## EXERCISE GOAL
Could you please retype the records exactly, minus their pictures?

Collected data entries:
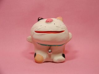 「深井和子さん」のネコさん 2005年8月に愛知県瀬戸市で開催された「招き猫まつり」から連れ帰ったねこさんです。 招き猫100人展出展作家さんのねこさん勢揃いの「招き猫アートマーケット」。 とぼけたお顔のねこさんに一目惚れ(=^m^=)も〜何度見てもサイコ〜ッ!
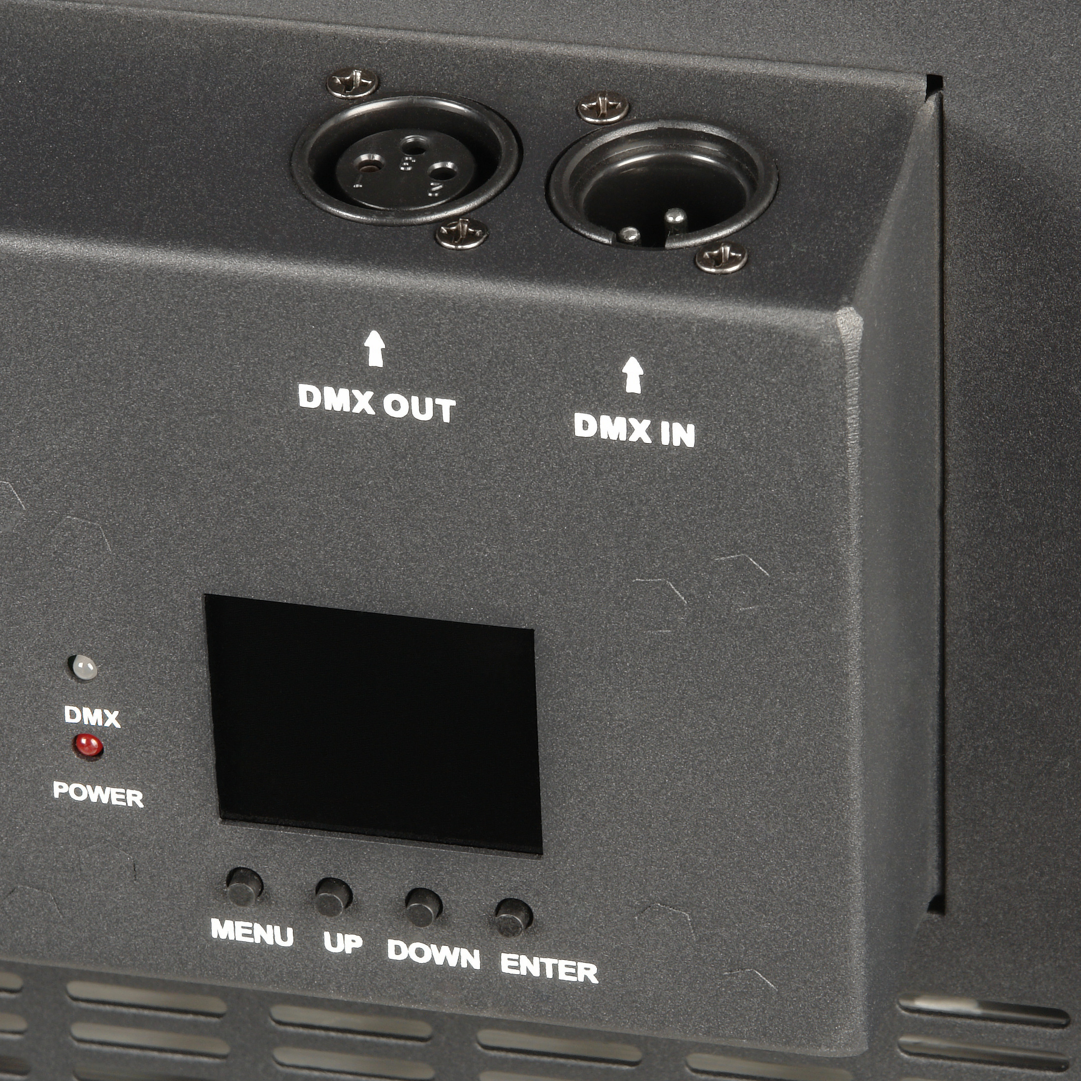 Экранное меню осветителя предоставляет следующие режимы на выбор: устанавливать адрес DMX-канала, задавать «ведущий» или «ведомый» режим работы, управлять в ручном режиме яркостью при помощи регуляторов вращения или кнопок, вызывать и настраивать режим «стробоскоп» и многое другое.
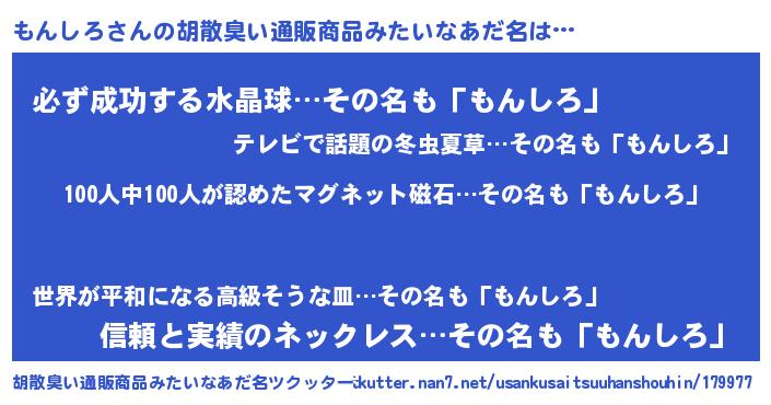 | 欧米人風あだ名 | 『ダニエルもんしろ』『マイケルもんしろ』 |
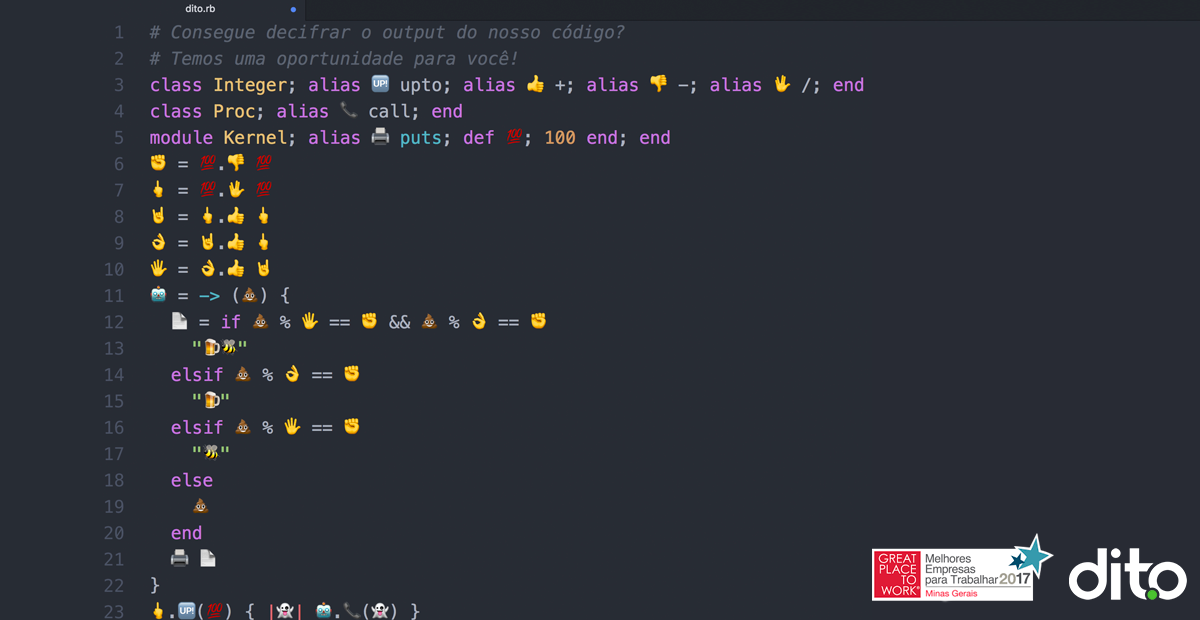 Consegue decifrar o output do nosso código (https://goo.gl/Y2G11W) e quer trabalhar em uma das Melhores Empresas para Trabalhar em Minas Gerais de acordo com o Great Place to Work®?
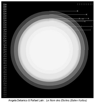 Poursuivant cette étude des rapports entre sémiologie, graphisme et art contemporain, Detanico & Lain nous offrent avec Le Nom des Etoiles une suite de travaux réalisés à partir des caractères typographiques de la police Helvetica. Partant du nom d’une étoile, ils utilisent la quantité d’encre nécessaire au tracé de chaque lettre de ce nom, dessinent un cercle avec chaque quantité et disposent ces cercles concentriquement de manière à créer une sorte d’étoile jouant sur les camaïeux de gris. Très réussie, cette dizaine de représentations se voit également dotée d’un vocable propre : Helvetica Concentrated.

## WRITTEN RESPONSE
 「深井和子さん」のネコさん 2005年8月に愛知県瀬戸市で開催された「招き猫まつり」から連れ帰ったねこさんです。 招き猫100人展出展作家さんのねこさん勢揃いの「招き猫アートマーケット」。 とぼけたお顔のねこさんに一目惚れ(=^m^=)も〜何度見てもサイコ〜ッ!
 Экранное меню осветителя предоставляет следующие режимы на выбор: устанавливать адрес DMX-канала, задавать «ведущий» или «ведомый» режим работы, управлять в ручном режиме яркостью при помощи регуляторов вращения или кнопок, вызывать и настраивать режим «стробоскоп» и многое другое.
 | 欧米人風あだ名 | 『ダニエルもんしろ』『マイケルもんしろ』 |
 Consegue decifrar o output do nosso código (https://goo.gl/Y2G11W) e quer trabalhar em uma das Melhores Empresas para Trabalhar em Minas Gerais de acordo com o Great Place to Work®?
 Poursuivant cette étude des rapports entre sémiologie, graphisme et art contemporain, Detanico & Lain nous offrent avec Le Nom des Etoiles une suite de travaux réalisés à partir des caractères typographiques de la police Helvetica. Partant du nom d’une étoile, ils utilisent la quantité d’encre nécessaire au tracé de chaque lettre de ce nom, dessinent un cercle avec chaque quantité et disposent ces cercles concentriquement de manière à créer une sorte d’étoile jouant sur les camaïeux de gris. Très réussie, cette dizaine de représentations se voit également dotée d’un vocable propre : Helvetica Concentrated.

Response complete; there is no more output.